WHAT TO PRODUCE. Copy the data that appears below exactly. Drop the pictures.

DATA SEGMENT.
▼▼▼

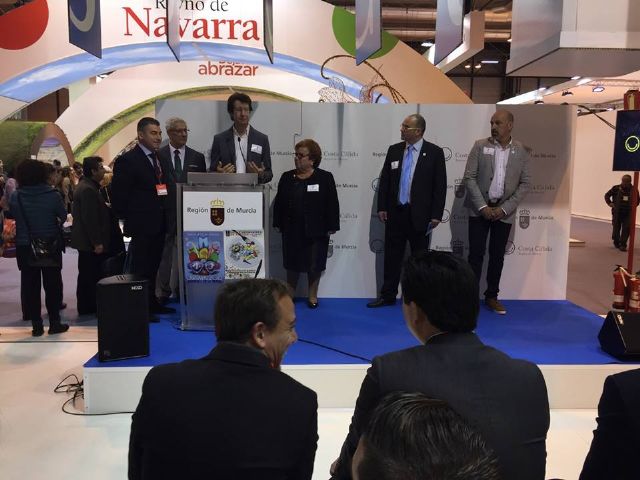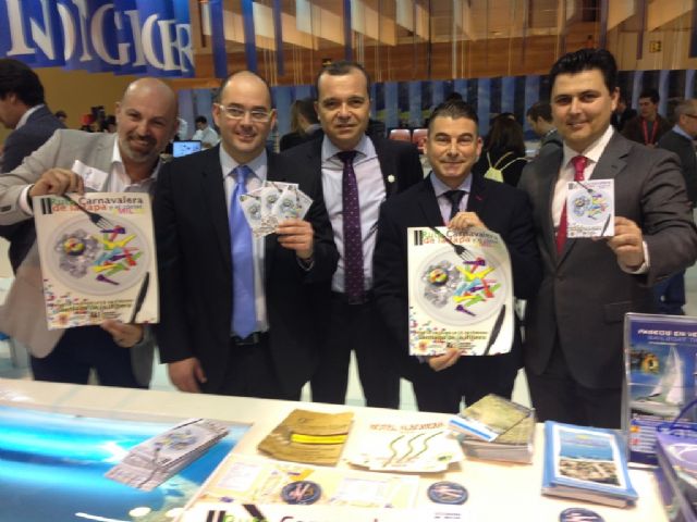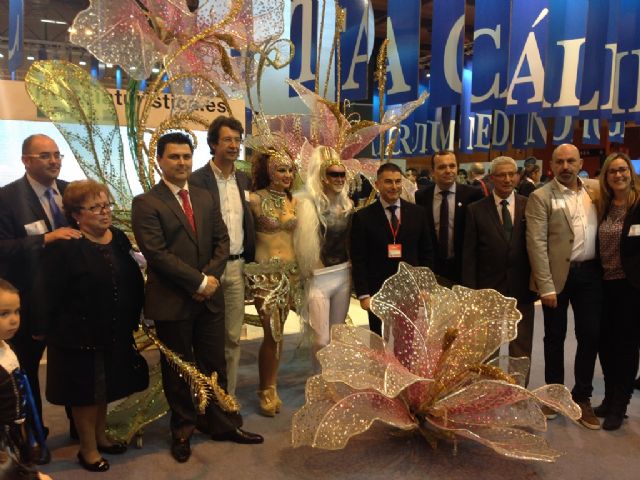 El consejero de Industria, Turismo, Empresa e Innovación, Juan Carlos Ruiz apoyó hoy con su presencia al Carnaval de Santiago de la Ribera que ha desembarcado en Fitur donde se ha presentado oficialmente con una amplia representación municipal, así como de la comisión de comparsas, y la pareja formada por la Musa Rosario García y el Muso David Ferrer, que aportaron el color y el calor de una fiesta que está a punto de conseguir la Declaración de Interés Turístico Regional.
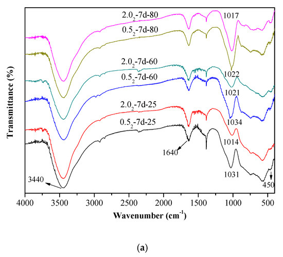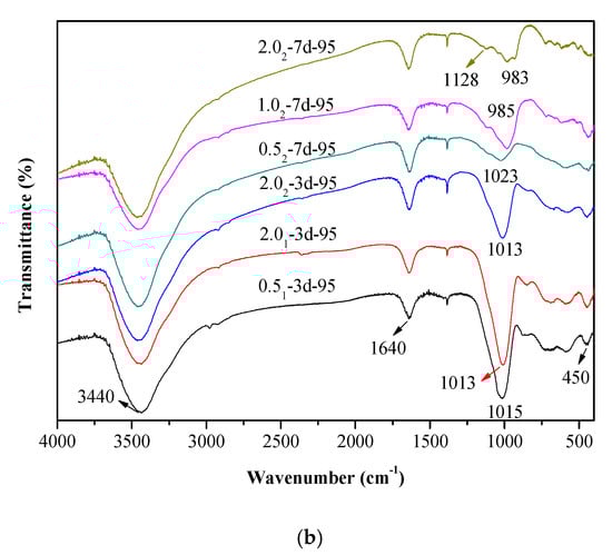The vibrational spectra of different K-A-S-H samples were determined and are shown in Figure 3. The characteristic bands at 3440 cm−1 and 1640 cm−1 are respectively caused by the stretching vibration and bending vibration of O–H in adsorbed water [29,30]. The formation of Si–O–T bonds (T = tetrahedral Si or Al) results in a strong stretching vibration signal at 1031 cm−1 [2], but this bond is located at about 950 cm−1 in the chain structure of C-(A)-S-H [31]. The K-A-S-H gels show quite different results. The main band (νas T–O: where T is Si or Al) moves from a low to high wavenumber position, which is more typical in a low calcium environment gel. The characteristic peak of the stretching vibrations of T–O–Si (T Si or Al) bonds is located at about 1031 cm−1 in the K-A-S-H sample at 25 °C, as shown in Figure 3a. With increased curing temperature, this band only slightly shifts to 1021 cm−1. When the curing temperature was increased to 95 °C (see Figure 3b), this characteristic peak showed a significant shift to 1013 cm−1. This shift was also seen with increased curing time, and this band in sample K-A-S-H2.02-7d-95 shifted to 983 cm−1. The shifts occur with increased silicon substitution by aluminum in the second coordination sphere due to the weaker Al–O bonds [14]. In addition, the main bands, corresponding to the T–O–Si (T Si or Al) stretching vibrations in the K-A-S-H samples, became somewhat rounder and broader in shape, particularly after curing at 95 °C for 7 days. The change of polarization of the oxygen atom on the Si–O–Al linkage, may cause an increase in the remaining Si–O bond strength in the previous pairing silicate tetrahedron. This may lead to a higher wavenumber contribution to the main Si–O band, thus broadening the band around 983 cm−1 [32]. Comparison of the position of the T–O–Si stretching vibration characteristic peak for different K2O/SiO2 ratios reveals band shifts. For materials at the same SiO2/Al2O3 ratio, as the K2O/SiO2 ratio increased, the band shifted to a low wavenumber. This indicated that an increase in K2O/SiO2 ratio causes a decrease in TO4 (T is Si or Al) tetrahedral polymerization. These observations are similar to the formation [2,23,28] of the N-A-S-H system product linkages. When K2O/SiO2 is increased, the amount of K+ in the reaction system exceeded the quantity required to balance the negative charges of AlO4− tetrahedra. To maintain electric neutrality, the number of non-bridging oxygen bonds with a negative charge in the structure increases. The non-bridging oxygen bonds are not shared by two or more polyhedrons, only connected with a net-forming ion, and the original structure of TO4 (T is Si or Al) becomes more isolated [2,33,34]. As a result, the band of Si–O–T stretching vibration moves to a lower wavenumber in the FT-IR spectrum. With increased curing time or temperature, the band appears at a lower wavenumber, indicating that excess K+ in the reaction system entered the aluminosilicate structure with an increased reaction degree.
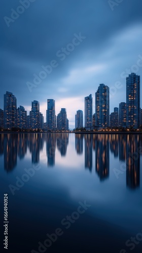 The mesmerizing reflection of an urban cityscape, with illuminated high-rise buildings reflecting majestically onto a serene lake.
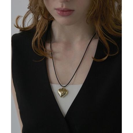 チャームカラーが選べるブラックコードネックレス。存在感のあるハートチャームが目を引き女性らしい雰囲気を引き立てる。豊富なカラー&サイズ展開であなたにぴったりのお気に入りが見つかる。70cmタイプは二重に巻いてお使いいただくのもおすすめ。※70cmのみアジャスター無しの仕様。※70cm着用画像は紐を二重巻きにして着用。

▲▲▲

ANSWER SPACE.
 El consejero de Industria, Turismo, Empresa e Innovación, Juan Carlos Ruiz apoyó hoy con su presencia al Carnaval de Santiago de la Ribera que ha desembarcado en Fitur donde se ha presentado oficialmente con una amplia representación municipal, así como de la comisión de comparsas, y la pareja formada por la Musa Rosario García y el Muso David Ferrer, que aportaron el color y el calor de una fiesta que está a punto de conseguir la Declaración de Interés Turístico Regional.
The vibrational spectra of different K-A-S-H samples were determined and are shown in Figure 3. The characteristic bands at 3440 cm−1 and 1640 cm−1 are respectively caused by the stretching vibration and bending vibration of O–H in adsorbed water [29,30]. The formation of Si–O–T bonds (T = tetrahedral Si or Al) results in a strong stretching vibration signal at 1031 cm−1 [2], but this bond is located at about 950 cm−1 in the chain structure of C-(A)-S-H [31]. The K-A-S-H gels show quite different results. The main band (νas T–O: where T is Si or Al) moves from a low to high wavenumber position, which is more typical in a low calcium environment gel. The characteristic peak of the stretching vibrations of T–O–Si (T Si or Al) bonds is located at about 1031 cm−1 in the K-A-S-H sample at 25 °C, as shown in Figure 3a. With increased curing temperature, this band only slightly shifts to 1021 cm−1. When the curing temperature was increased to 95 °C (see Figure 3b), this characteristic peak showed a significant shift to 1013 cm−1. This shift was also seen with increased curing time, and this band in sample K-A-S-H2.02-7d-95 shifted to 983 cm−1. The shifts occur with increased silicon substitution by aluminum in the second coordination sphere due to the weaker Al–O bonds [14]. In addition, the main bands, corresponding to the T–O–Si (T Si or Al) stretching vibrations in the K-A-S-H samples, became somewhat rounder and broader in shape, particularly after curing at 95 °C for 7 days. The change of polarization of the oxygen atom on the Si–O–Al linkage, may cause an increase in the remaining Si–O bond strength in the previous pairing silicate tetrahedron. This may lead to a higher wavenumber contribution to the main Si–O band, thus broadening the band around 983 cm−1 [32]. Comparison of the position of the T–O–Si stretching vibration characteristic peak for different K2O/SiO2 ratios reveals band shifts. For materials at the same SiO2/Al2O3 ratio, as the K2O/SiO2 ratio increased, the band shifted to a low wavenumber. This indicated that an increase in K2O/SiO2 ratio causes a decrease in TO4 (T is Si or Al) tetrahedral polymerization. These observations are similar to the formation [2,23,28] of the N-A-S-H system product linkages. When K2O/SiO2 is increased, the amount of K+ in the reaction system exceeded the quantity required to balance the negative charges of AlO4− tetrahedra. To maintain electric neutrality, the number of non-bridging oxygen bonds with a negative charge in the structure increases. The non-bridging oxygen bonds are not shared by two or more polyhedrons, only connected with a net-forming ion, and the original structure of TO4 (T is Si or Al) becomes more isolated [2,33,34]. As a result, the band of Si–O–T stretching vibration moves to a lower wavenumber in the FT-IR spectrum. With increased curing time or temperature, the band appears at a lower wavenumber, indicating that excess K+ in the reaction system entered the aluminosilicate structure with an increased reaction degree.
 The mesmerizing reflection of an urban cityscape, with illuminated high-rise buildings reflecting majestically onto a serene lake.
 チャームカラーが選べるブラックコードネックレス。存在感のあるハートチャームが目を引き女性らしい雰囲気を引き立てる。豊富なカラー&サイズ展開であなたにぴったりのお気に入りが見つかる。70cmタイプは二重に巻いてお使いいただくのもおすすめ。※70cmのみアジャスター無しの仕様。※70cm着用画像は紐を二重巻きにして着用。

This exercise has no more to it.